[Task inputs — start]

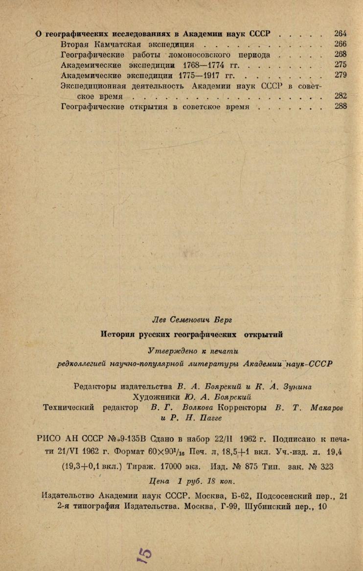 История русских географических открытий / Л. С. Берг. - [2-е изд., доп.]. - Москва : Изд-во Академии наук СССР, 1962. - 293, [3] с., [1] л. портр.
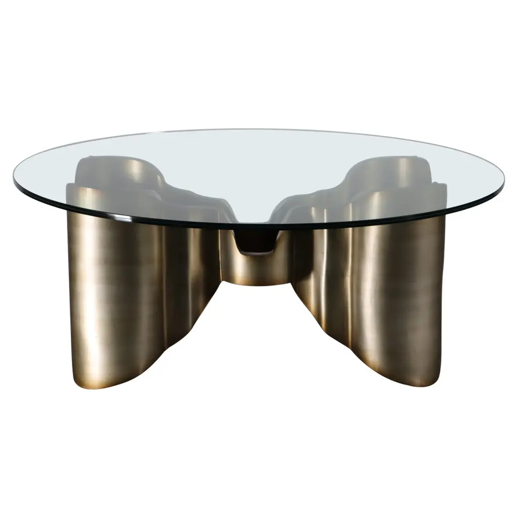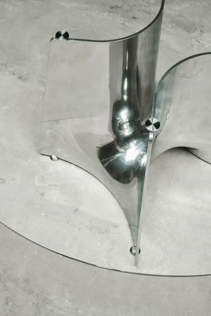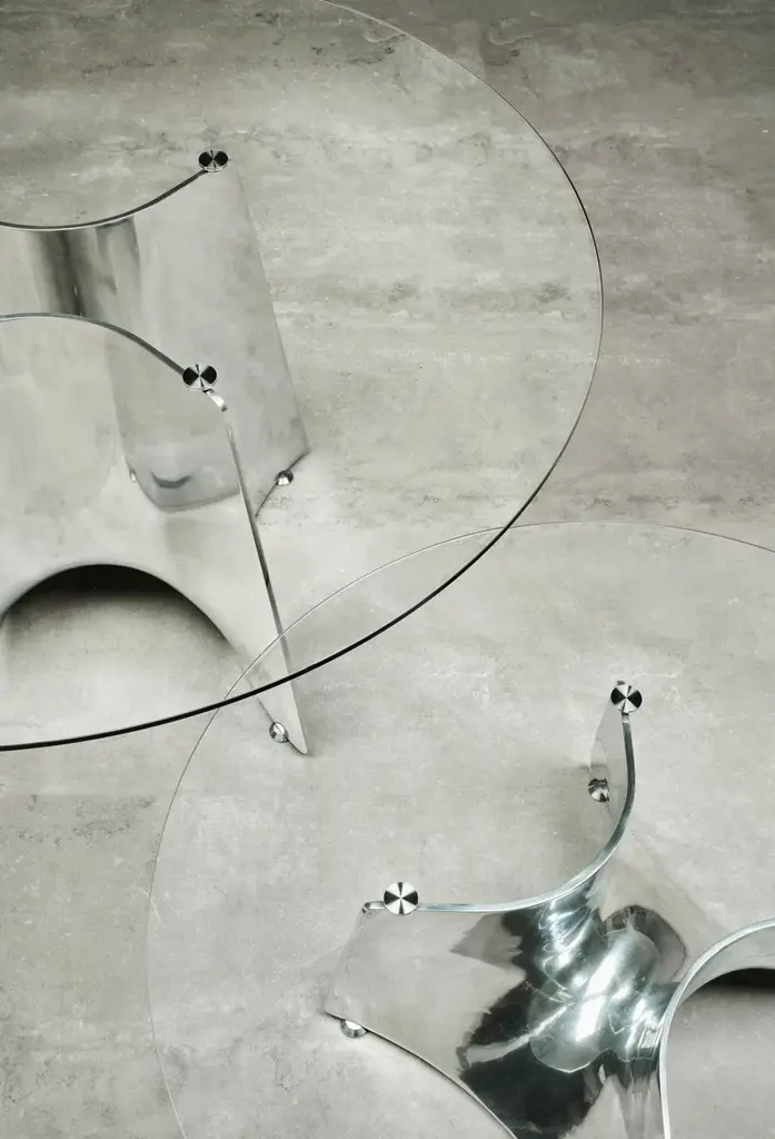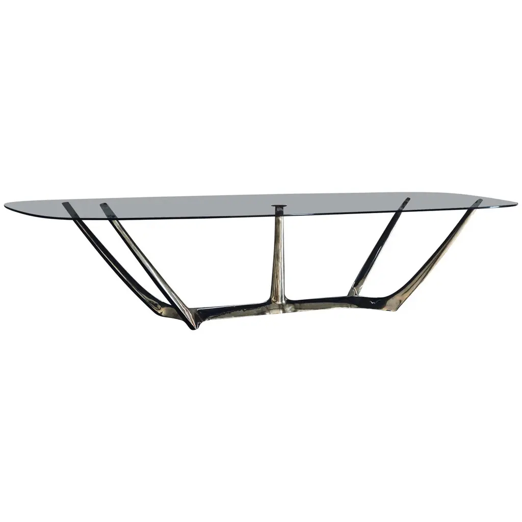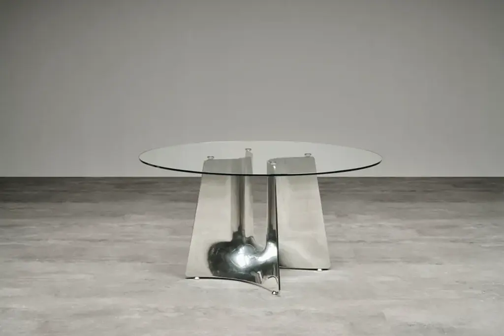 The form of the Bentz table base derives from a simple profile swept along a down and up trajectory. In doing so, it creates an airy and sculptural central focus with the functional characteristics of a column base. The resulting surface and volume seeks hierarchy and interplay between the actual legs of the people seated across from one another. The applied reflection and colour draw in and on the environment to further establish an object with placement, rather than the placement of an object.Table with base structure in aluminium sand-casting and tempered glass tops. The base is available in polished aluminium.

[Task inputs — finish]
[Task inputs — start]

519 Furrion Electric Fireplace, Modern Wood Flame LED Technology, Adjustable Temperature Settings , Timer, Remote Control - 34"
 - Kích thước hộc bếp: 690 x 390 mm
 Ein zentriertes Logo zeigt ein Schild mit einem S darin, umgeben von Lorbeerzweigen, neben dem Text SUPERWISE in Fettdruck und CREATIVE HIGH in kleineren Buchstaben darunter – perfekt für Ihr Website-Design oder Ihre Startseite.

[Task inputs — finish]
[Task inputs — start]

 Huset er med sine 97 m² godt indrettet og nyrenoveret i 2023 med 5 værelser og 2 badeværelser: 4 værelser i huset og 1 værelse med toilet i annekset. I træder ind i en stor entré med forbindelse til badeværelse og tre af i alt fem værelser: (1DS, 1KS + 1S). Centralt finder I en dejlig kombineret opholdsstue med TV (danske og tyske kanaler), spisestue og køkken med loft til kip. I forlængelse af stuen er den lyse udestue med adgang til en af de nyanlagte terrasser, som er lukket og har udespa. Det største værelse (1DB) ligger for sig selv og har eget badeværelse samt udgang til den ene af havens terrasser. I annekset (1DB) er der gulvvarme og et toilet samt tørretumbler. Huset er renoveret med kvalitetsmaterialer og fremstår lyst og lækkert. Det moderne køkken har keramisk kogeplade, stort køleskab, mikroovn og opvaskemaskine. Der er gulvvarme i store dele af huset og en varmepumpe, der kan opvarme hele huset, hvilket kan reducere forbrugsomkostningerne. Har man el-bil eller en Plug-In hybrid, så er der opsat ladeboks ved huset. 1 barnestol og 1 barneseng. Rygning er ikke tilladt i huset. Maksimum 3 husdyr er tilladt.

[Task inputs — finish]

An exact copy of the lines above, from the one containing "- Kích thước hộc bếp: 690 x 390 mm" through the one containing "Ein zentriertes Logo", is the whole of the answer.

 - Kích thước hộc bếp: 690 x 390 mm
 Ein zentriertes Logo zeigt ein Schild mit einem S darin, umgeben von Lorbeerzweigen, neben dem Text SUPERWISE in Fettdruck und CREATIVE HIGH in kleineren Buchstaben darunter – perfekt für Ihr Website-Design oder Ihre Startseite.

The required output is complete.